**Dataset section:**
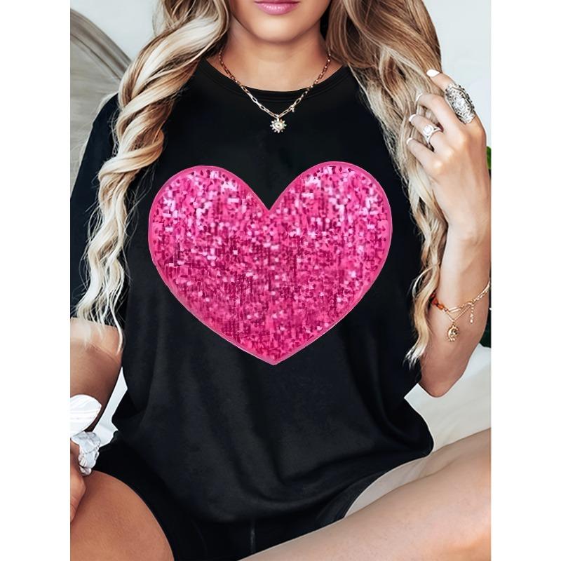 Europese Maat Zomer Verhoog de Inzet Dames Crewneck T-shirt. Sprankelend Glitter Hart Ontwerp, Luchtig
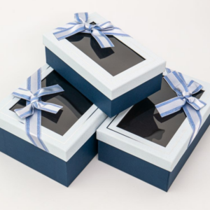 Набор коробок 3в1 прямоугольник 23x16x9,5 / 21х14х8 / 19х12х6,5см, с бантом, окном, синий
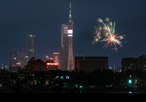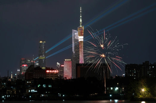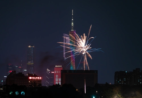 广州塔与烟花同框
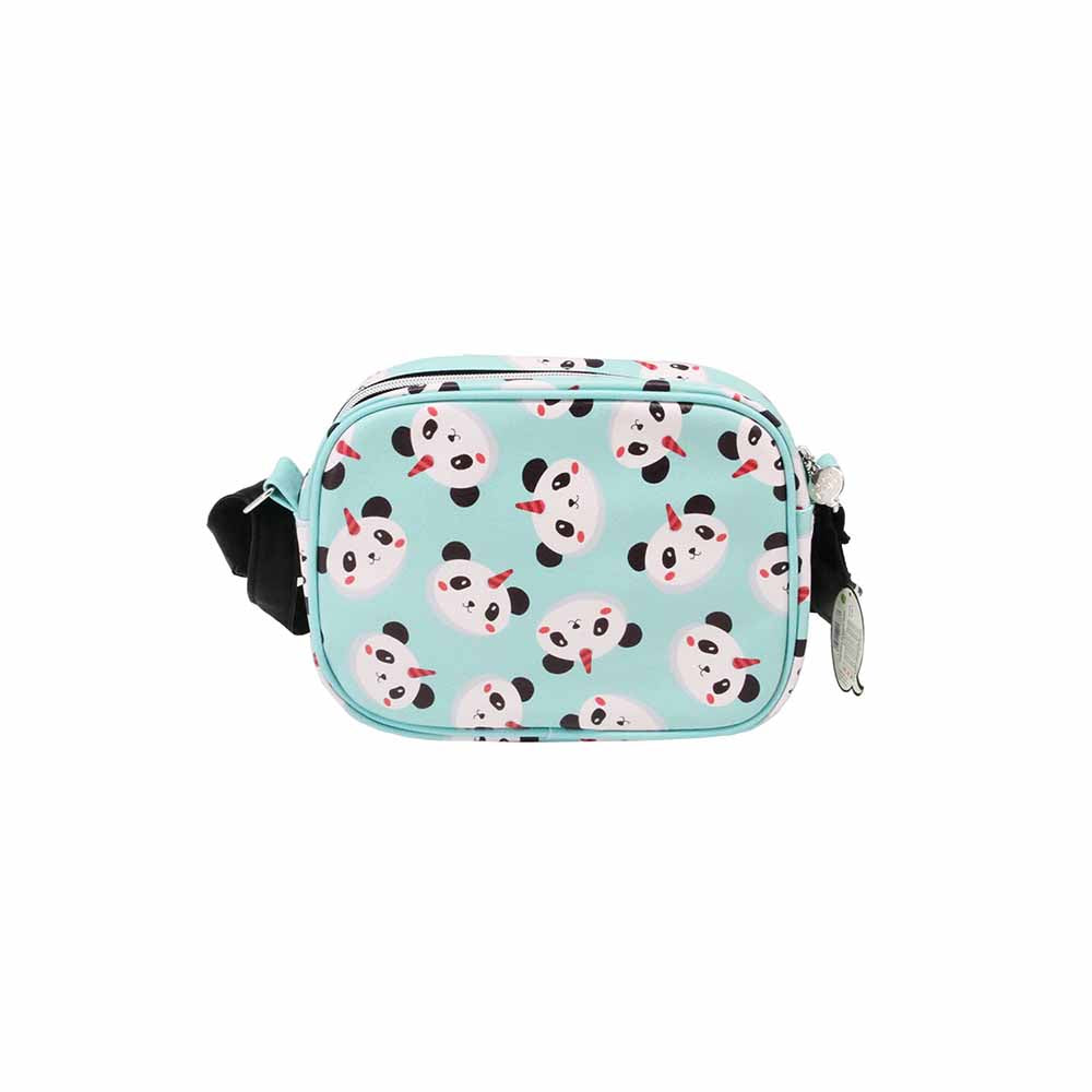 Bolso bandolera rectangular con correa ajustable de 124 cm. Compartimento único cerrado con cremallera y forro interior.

**Task to carry out:** Once the images are dropped, set down the remaining material word for word.

**Expected answer:**
 Europese Maat Zomer Verhoog de Inzet Dames Crewneck T-shirt. Sprankelend Glitter Hart Ontwerp, Luchtig
 Набор коробок 3в1 прямоугольник 23x16x9,5 / 21х14х8 / 19х12х6,5см, с бантом, окном, синий
 广州塔与烟花同框
 Bolso bandolera rectangular con correa ajustable de 124 cm. Compartimento único cerrado con cremallera y forro interior.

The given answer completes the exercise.